Now some of the capital's most downtrodden inhabitants have begun standing up for their rights. Two years ago hundreds of peasant homes and fields on the north side of Beijing were bulldozed to make way for Olympic landscaping and development projects. Li Xinyuan, 45, a dispossessed subsistence grower, says local authorities promised to provide new jobs but never delivered. He resigned himself to his rotten luck--until he saw China's prime minister on the news talking about farmers' losing their land. Li recalls his sudden realization: "Hey, I'm one of those farmers." His wife adds, "We were cheated." She has memorized applicable passages of the law. They can't afford a lawyer but are peppering the government with petitions for redress. Some of their friends now spend their unemployed days picketing outside the municipal offices. Zhou Shu-qin, 30, lost his house to a new Olympic park. "The Olympics are a good thing for a few people," he grumbles, "but not for the majority."
That remains a minority view that few Chinese would have dared utter in public until recently. Now a growing number is convinced that silence won't stop abuse. Ye Mingjun, 22, lived with his parents and relatives in Beijing's Yongdingmen area until their homes were demolished in 2003. Olympic planners had decided to rebuild an ancient city gate on the site. The family got some compensation, but not enough to replace their homes. Ye and his father, Ye Guozhu, ended up sleeping in a bicycle underpass at Beijing's glitzy Oriental Plaza shopping mall. Old Ye parked a pair of tricycle carts outside city-government headquarters, plastered with signs reading HOMELESS BECAUSE OF THE OLYMPICS.

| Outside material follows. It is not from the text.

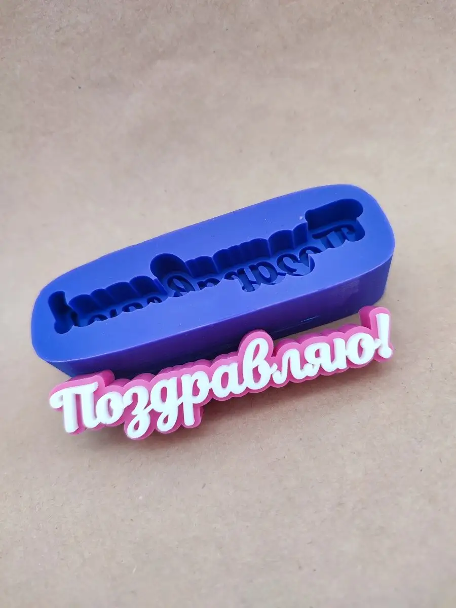 Силиконовая форма для мыла и свечей Топпер Поздравляю от бренда TakKruto (ТакКруто). Размеры готового мыла ~19*85*13 мм, вес в мыле: ~15 г. Мы производим формы из высококачественного гибкого силикона, устойчивого к высоким и низким температурам. С нашими силиконовыми молдами удобно работать даже новичку. Формы для мыла и свечей прекрасно переносят тысячи заливок и будут служить вам несколько лет. Также многие формы бренда ТакКруто подходят для заливки гипсом и эпоксидной смолой. С помощью силиконовых молдов вы можете создавать прекрасные handmade-изделия и подарки своими руками. На форме могут быть технологические разрезы для более удобного извлечения мыла. Внутри формы в редких случаях возможно наличие белого воскового налета, который не влияет на качество изделия. В комплект входит пакет для хранения и резинки для фиксации разрезов.
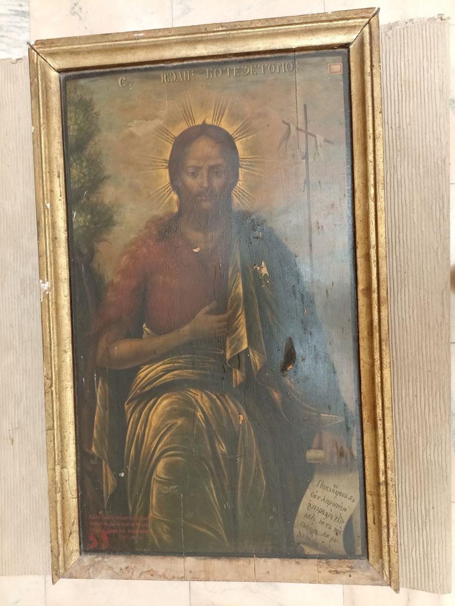 Descriere: Sfântul Ioan este redat trei-sferturi, purtând veșmântul din blană și mantia înfășurată în jurul mijlocului, cu un colț adus peste umărul stâng. În mâna stângă ține o cruce cu o hampă lungă și un filacter desfășurat, iar mâna dreaptă este adusă în dreptul pieptului. Modul de tratare a fizionomiei și a peisajului indică un iconar bine familiarizat cu arta icoanei rusești.

Last August the elder Ye was arrested when he tried to bring together protesters from several provinces. The court convicted him of "disturbing social order" and sentenced him to four years in prison. "Without the Olympics, this wouldn't have happened to us," the son says. "We used to tell authorities, 'You always talk about "the people's Olympics," but why don't you help us?' "Nevertheless, he's looking forward to 2008. His father is due to go free in mid-July, just in time for the Games. "Once he's out, my father will start protesting again," the young man says. "I just know he will." Others won't wait until 2008.